久しぶりに再読してみました。いやぁやっぱりいいですね、綾辻行人。犯人やトリックが解っていてもワクワクと読めてしまいます。
「迷路館の殺人」の中に「鹿谷門実著・迷路館の殺人」があるという作中作の構成をとっておりなかなか楽しい。そして、この迷路館の中で次々に殺人が起こるという設定ですが、このあたりのサスペンスは「十角館」や「時計館」の方が緊張感あるような気がする。だからといって迷路館がつまらないかというとそうではなく非常に面白い。だってこの迷路館、怪しさという点ではシリーズ随一ではないでしょうか。

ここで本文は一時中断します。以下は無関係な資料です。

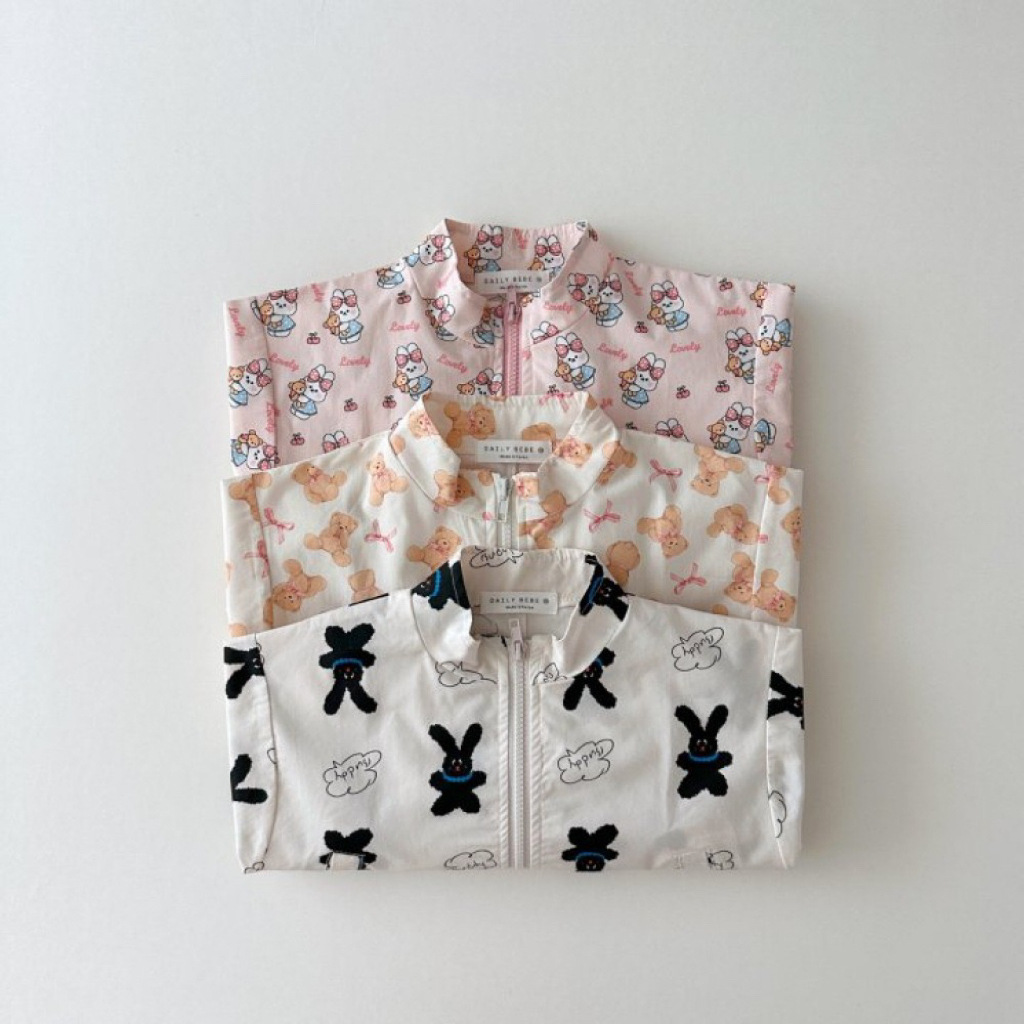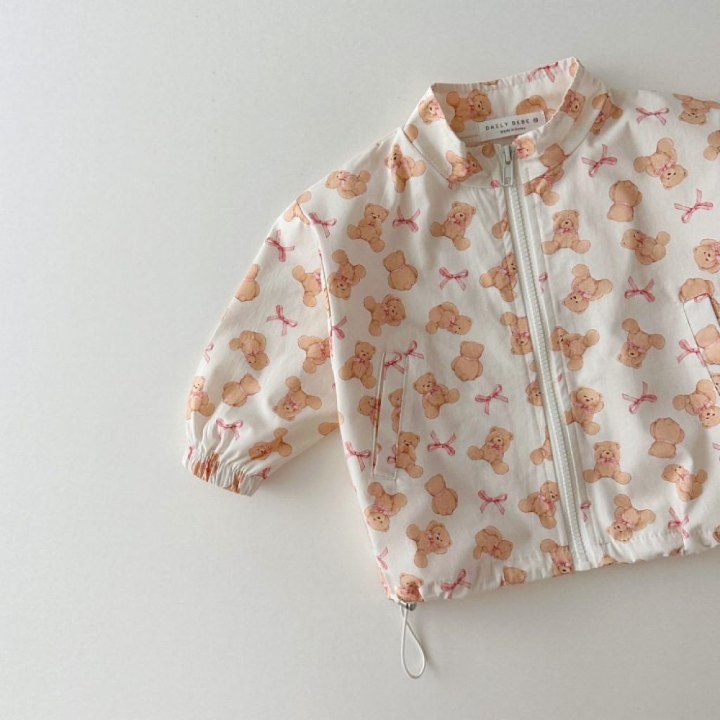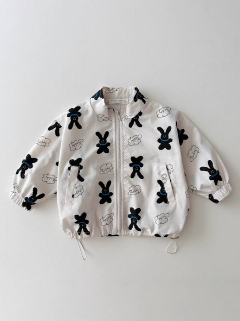 한국어 버전 ins 봄과 가을 다목적 패션 프린트 스탠드 칼라 방풍 재킷 드로스트링 재킷 귀여운 만화 지퍼 탑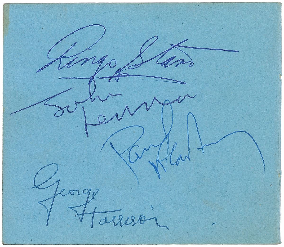 Vintage ballpoint signatures, “John Lennon,” “Paul McCartney,” “George Harrison,” and “Ringo Starr,” on a light blue 4.5 x 4 album page, signed on March 2, 1963, when they performed at Sheffield City Hall, Yorkshire, as one of the support acts on Helen Shapiro’s UK tour. In fine condition. Accompanied by a certificate of authenticity from Tracks and a letter of provenance from the original recipient, in part: “I was with a small group of girls in Sheffield by the venue and someone said that the Beatles were staying on the Grand Hotel, which was quite close by. We went to the hotel and just walking in to find the group sitting in the lounge having a coffee. The hotel manager asked us to leave but took our autograph books which were signed by the Beatles and handed back to us.”

地下住居で天井はガラス張り、各部屋に通じる通路が迷路になっているなんて、とても普通ではない。(平面図を見た時にはなんだこりゃとなりました) この中で「見立て殺人」やら「密室殺人」が起こるべくして起こってしまう。もっともこのシリーズの場合「密室殺人」はほとんど意味がないんですけどね。
ただ、せっかくの迷路館なんでもう少しこの迷路を生かしてほしかった。雰囲気を壊さない範囲での大きな機械仕掛けのからくりがあるとか・・ね。けっきょく中村青司得意のアレだったもんなぁ。
しかしまあ、やっぱり綾辻行人では「館シリーズ」が一番好きですね。早く新作が読みたいです。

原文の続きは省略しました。